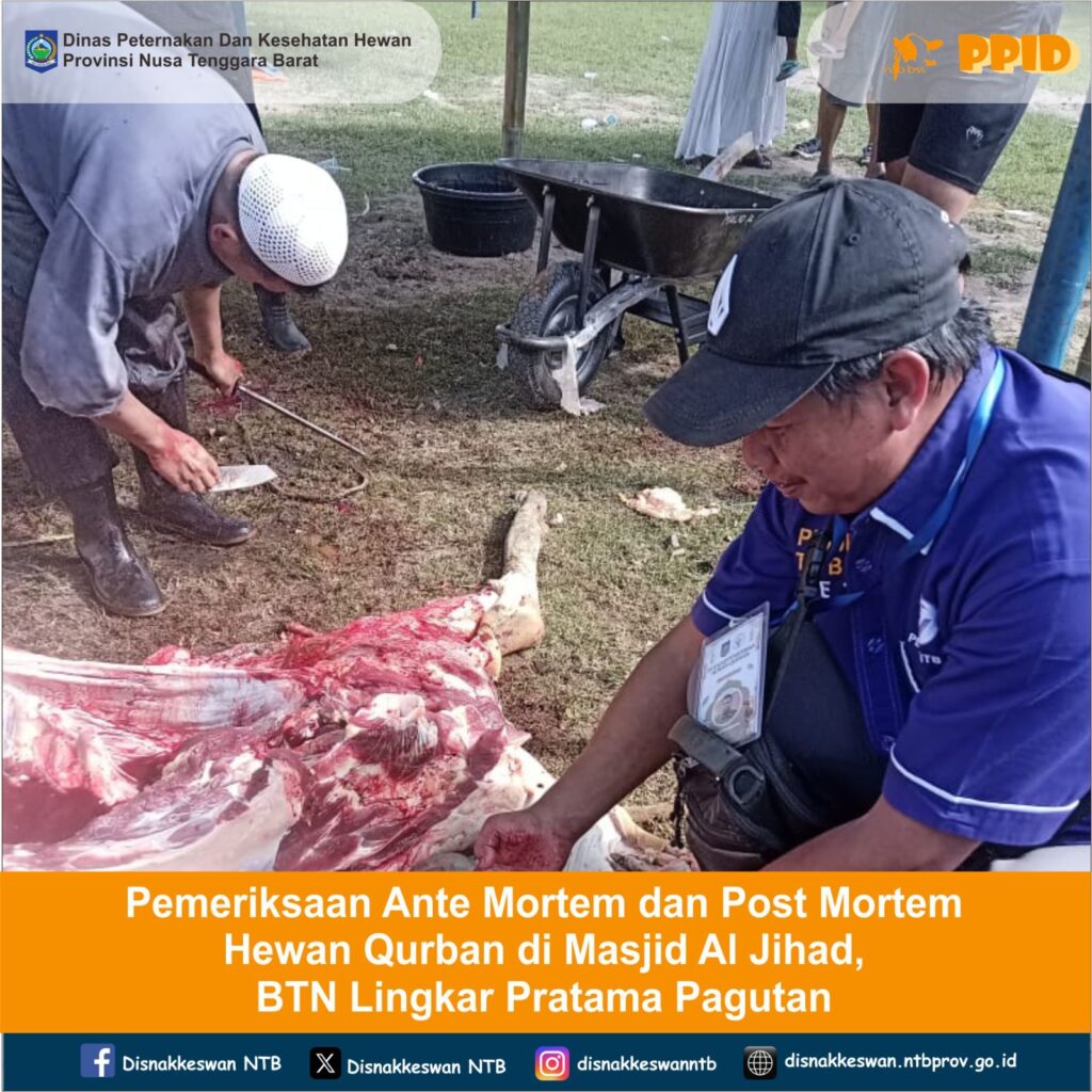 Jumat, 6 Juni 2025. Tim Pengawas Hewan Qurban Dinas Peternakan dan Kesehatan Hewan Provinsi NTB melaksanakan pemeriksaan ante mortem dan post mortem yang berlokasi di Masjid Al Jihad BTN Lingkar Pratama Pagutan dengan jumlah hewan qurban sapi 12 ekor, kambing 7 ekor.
☆ ☆ ☆ ☆
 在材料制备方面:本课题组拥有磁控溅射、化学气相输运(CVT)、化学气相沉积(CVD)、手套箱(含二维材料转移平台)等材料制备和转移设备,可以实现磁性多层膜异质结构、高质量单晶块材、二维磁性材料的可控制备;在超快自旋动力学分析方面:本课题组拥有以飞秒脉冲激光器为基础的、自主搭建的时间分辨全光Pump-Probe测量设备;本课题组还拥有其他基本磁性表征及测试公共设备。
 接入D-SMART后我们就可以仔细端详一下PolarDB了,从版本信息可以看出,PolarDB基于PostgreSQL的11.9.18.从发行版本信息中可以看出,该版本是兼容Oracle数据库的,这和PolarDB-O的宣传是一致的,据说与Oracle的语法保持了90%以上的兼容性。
☆ ☆ ☆ ☆
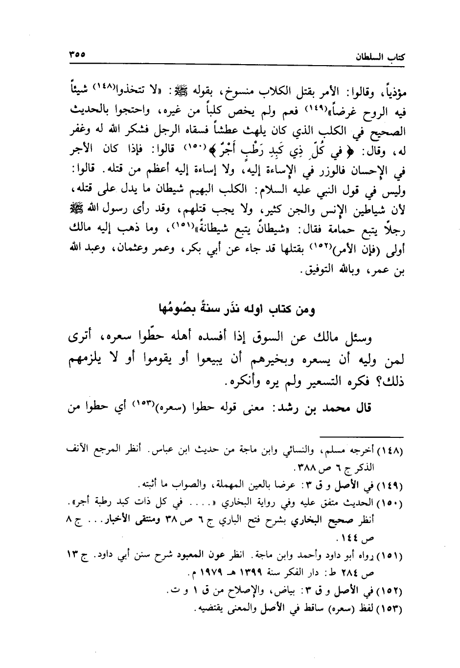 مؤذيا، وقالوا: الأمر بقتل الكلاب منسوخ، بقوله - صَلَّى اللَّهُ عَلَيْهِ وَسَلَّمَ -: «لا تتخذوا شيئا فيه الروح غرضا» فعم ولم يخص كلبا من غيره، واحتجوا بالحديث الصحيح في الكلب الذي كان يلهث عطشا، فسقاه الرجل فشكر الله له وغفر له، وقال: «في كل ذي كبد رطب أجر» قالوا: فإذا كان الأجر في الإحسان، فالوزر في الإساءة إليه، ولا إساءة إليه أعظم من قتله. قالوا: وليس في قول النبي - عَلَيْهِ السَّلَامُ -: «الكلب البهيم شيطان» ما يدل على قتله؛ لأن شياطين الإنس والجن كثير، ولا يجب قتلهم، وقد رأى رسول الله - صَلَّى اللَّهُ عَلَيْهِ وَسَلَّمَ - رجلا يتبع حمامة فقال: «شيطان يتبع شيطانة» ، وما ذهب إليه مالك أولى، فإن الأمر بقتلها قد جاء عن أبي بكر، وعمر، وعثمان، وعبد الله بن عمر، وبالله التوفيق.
☆ ☆ ☆ ☆
**WHAT IS EXPECTED**
Starting at the line above that contains "在材料制备方面:本课题组拥有", write out each line exactly until the line that contains "接入D-SMART后我们就可" has been written, and stop there.

**ANSWER TO THIS TASK**
 在材料制备方面:本课题组拥有磁控溅射、化学气相输运(CVT)、化学气相沉积(CVD)、手套箱(含二维材料转移平台)等材料制备和转移设备,可以实现磁性多层膜异质结构、高质量单晶块材、二维磁性材料的可控制备;在超快自旋动力学分析方面:本课题组拥有以飞秒脉冲激光器为基础的、自主搭建的时间分辨全光Pump-Probe测量设备;本课题组还拥有其他基本磁性表征及测试公共设备。
 接入D-SMART后我们就可以仔细端详一下PolarDB了,从版本信息可以看出,PolarDB基于PostgreSQL的11.9.18.从发行版本信息中可以看出,该版本是兼容Oracle数据库的,这和PolarDB-O的宣传是一致的,据说与Oracle的语法保持了90%以上的兼容性。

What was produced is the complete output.